Браница энергично потер левую бровь. Возможно, шрам снова дал о себе знать из-за того, что Анастас вспомнил о военных временах. Возможно, он вспомнил детальное чтение карт, планов и портоланов для Отдела разведки французского командования. Чтение, которое в те дни было окружено строгим молчанием и о котором он и позже никому ничего не рассказывал и которым никогда не хвалился. Чтение, следы которого сейчас можно было обнаружить лишь в самых засекреченных архивах и за которое он, скрывавшийся в рамках операции под кодовым названием «Живой язык» под латинскими инициалами А. В., никогда не получил никакого официального признания. И это несмотря на то, что он чудом остался в живых, когда оказалось, что одновременно с вражеской разведкой, получившей такое же задание, проник в карту, описывавшую район наступательных операций Салоникского фронта на линии Соко — Добро Поле — Ветерник.
— ...благородному народу Республики, правительство которого оказало нам бескорыстную помощь, приняв... — говорил министр иностранных дел, и молодой человек, старавшийся уловить связь между отдельными фрагментами, вырванными из его речи порывами ветра, затрепетал, узнав вдруг знакомый аромат.
Ему даже почти не пришлось поворачивать голову. Справа, всего в двух шагах от него, стояли барышня Натали Увиль и толстуха мадам Дидье, они стояли и тоже слушали. Да, это ее стройная шейка, та самая, к которой он прикасался всего несколько дней назад.
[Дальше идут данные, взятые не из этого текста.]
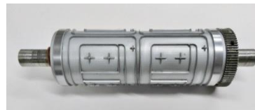
Rotary Die (Kiss cutting)

Да, это ее милое ушко, то самое, которое он столько раз ласкал шепотом, проникавшим во все изгибы ушной раковины, пока она не начинала шутливо возмущаться: «Да перестаньте же вы щекотать меня!» — не делая при этом ни малейшей попытки отстраниться. Да, нет сомнения, это она... Анастаса обдало жаром. Хотя среди тесных строк его писем им часто случалось бывать гораздо ближе друг к другу! однако за их пределами встречаться им еще не приходилось, особенно так близко, на расстоянии вытянутой руки. Что теперь делать? Как вести себя? Взаимопроницаемы ли два далеких мира — один, воображаемый, и другой, реальный? Могут ли наконец совпасть два параллельно текущих времени, соединившись в качестве истинной меры существования?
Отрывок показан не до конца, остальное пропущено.